The controlling UE 880 attempts to forward the audio 1 portion of this session to the controlled UE, UE-3, which is relayed to the SCC AS 888 (block 902) and sent to the IMS CN 886 (block 901). Shown as SUBSCRIBE. In Table 24, an exemplary SIP REFER request (UE-1 to SCC-AS) is described.

SIP 200 (OK) response as a response to the SIP SUBSCRIBE request is sent from the SCC AS888 via the IMS CN88 6 to UE-1 880 (respectively, blocks 903, 904). SCC-AS 888 sends a SIP NOTIFY request to UE-1 880 (blocks 905 and 906, respectively).

Table 25 describes an exemplary SIP NOTIFY request from SCC-AS to UE-1.

  The controlling UE, UE-1 880, acknowledges the SIP NOTIFY request by sending a SIP 200 (OK) response to the SCC-AS via IMS CN 886 (blocks 907, 908, respectively).

The controlling UE-1 880 sends a SIP REFER request destined for UE-3 884 to the SCC AS 888 via the IMS CN 886 (blocks 909, 910, respectively). Message blocks 909-910 includes a the Refer--to header addressed to UE-3 884, depending on the UE is another control other than the UE-3 884, lists currently audio line unsupported URI The SCC AS 888 recognizes that their purpose is to transfer media from the controlled UE (UE-2) to the controlled UE (UE-3) 884. The SCC AS 888 acknowledges the SIP REFER request by sending a SIP 202 (Accepted) response to the UE-1 880 that controls via the IMS CN 886 (blocks 911, 912, respectively).

SCC-AS888 uses SIP to transfer audio media components.
An INVITE request is sent to the UE controlled via IMS CN 886, UE-3 884 (blocks 913, 914, respectively). The SDP in the INVITE list is a media line in the collaborative session. To avoid UE-3 884 starting to transmit audio to remote UE 890, SCC-AS888 adds a line inactively in the SDP offer.

Table 26 describes an exemplary SIP INVITE request (SCC-AS to UE-3).

The controlled UE-3 884 acknowledges the SIP INVITE by sending a SIP 200 (OK) response to the SCC-AS 888 via the IMS CN 886 (blocks 915, 916, respectively). Table 27 describes an exemplary SIP 200 OK response.

SCC-AS888 sends a SIP ACK request to UE-3 via IMS CN886.
To 884 (blocks 917 and 918, respectively).

  The SCC-AS 888 sends a SIP NOTIFY request informing about the successful status of the transfer of audio 1 to the controlled UE-3 884 to the controlling UE, UE-1 880 via the IMS CN 886 (block 919, respectively). 920).

Table 28 describes an exemplary SIP NOTIFY request (SCC-AS to UE-1).

  The controlling UE-1 acknowledges the SIP NOTIFY request by sending a SIP 200 (OK) response to the SCC-AS 888 via the IMS CN 886 (blocks 921, 922, respectively).

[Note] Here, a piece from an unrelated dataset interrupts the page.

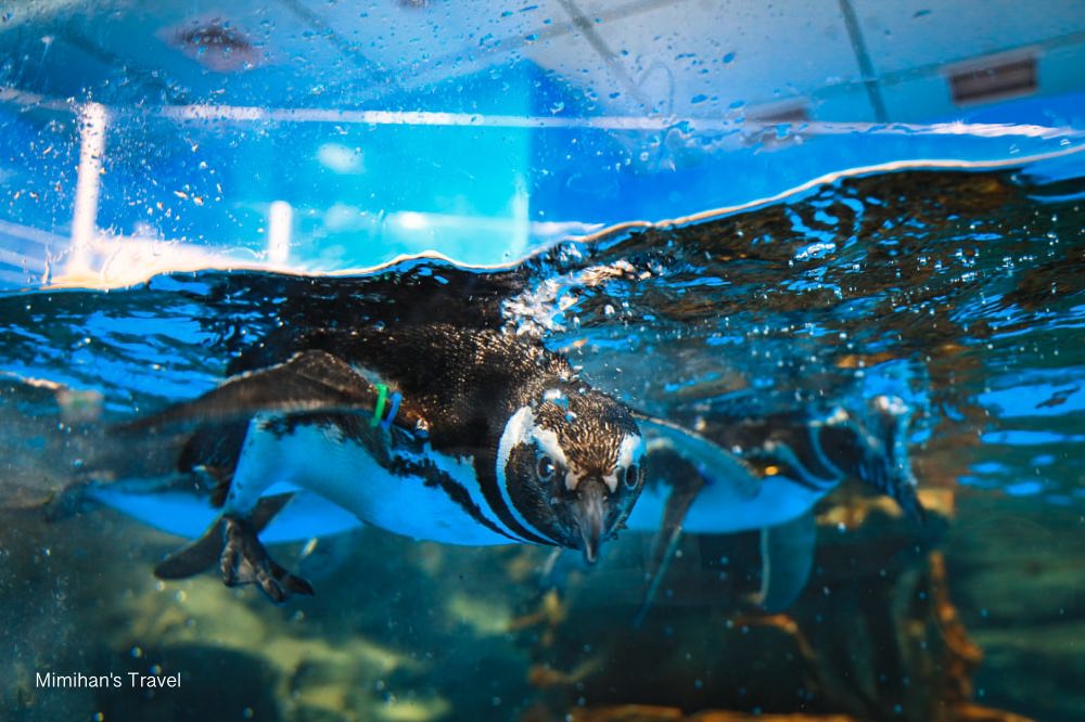 我們來的時候剛好遇到保育員正在餵食麥哲倫企鵝,當他把魚丟到水裡,原本走路呆頭呆腦的企鵝跳進到水中立馬變身蛟龍,游泳速度超快的啊!鳥不會飛卻超會游泳 😆

The controlling UE 880 sends a SUBSCRIBE request to the SCC AS 888 via the IMS CN 886 to subscribe to an existing dialog between the controlling UE-1 880 and the SCC AS 888 (blocks 923, 924, respectively).

  The SCC AS 888 acknowledges the SIP SUBSCRIBE request by sending a SIP 200 (OK) response to the controlling UE-1 880 via the IMS CN 886 (blocks 925 and 926, respectively).

The SCC AS 888 sends a SIP NOTIFY request including SDP for the controlled UE-2, controlled UE-3, and remote UE to the controlled UE-2 882 via the IMS CN 886 (block 927, respectively). 928).

  The controlled UE-2 882 acknowledges the SIP NOTIFY request by sending a SIP 200 (OK) response to the SCC AS 888 via the IMS CN 886 (blocks 929 and 930, respectively).

  The SCC AS 888 sends a re-INVITE that terminates Audio 1 to the UE-2 882 via the IMS CN 886 (blocks 931 and 932, respectively).

Table 31 describes the SIP INVITE request (SCC-AS to UE-2).

  The controlled UE, UE-2 882 acknowledges the SIP INVITE request by sending a SIP 200 (OK) response to the SCC-AS 888 via IMS CN 886 (blocks 933, 934, respectively).

Table 32 describes an exemplary SIP 200 OK response (UE-2 to SCC-AS).

The SCC-AS 888 sends an acknowledgment ACK to the UE-2 via the IMS CN 886.
882 (blocks 935 and 936, respectively).

The SCC AS888 sends a SIP NOTIFY request including SDP for controlled UE-2, controlled UE-3, and remote UE to controlling UE-2 882 via IMS CN 886 (block 937, respectively). 938).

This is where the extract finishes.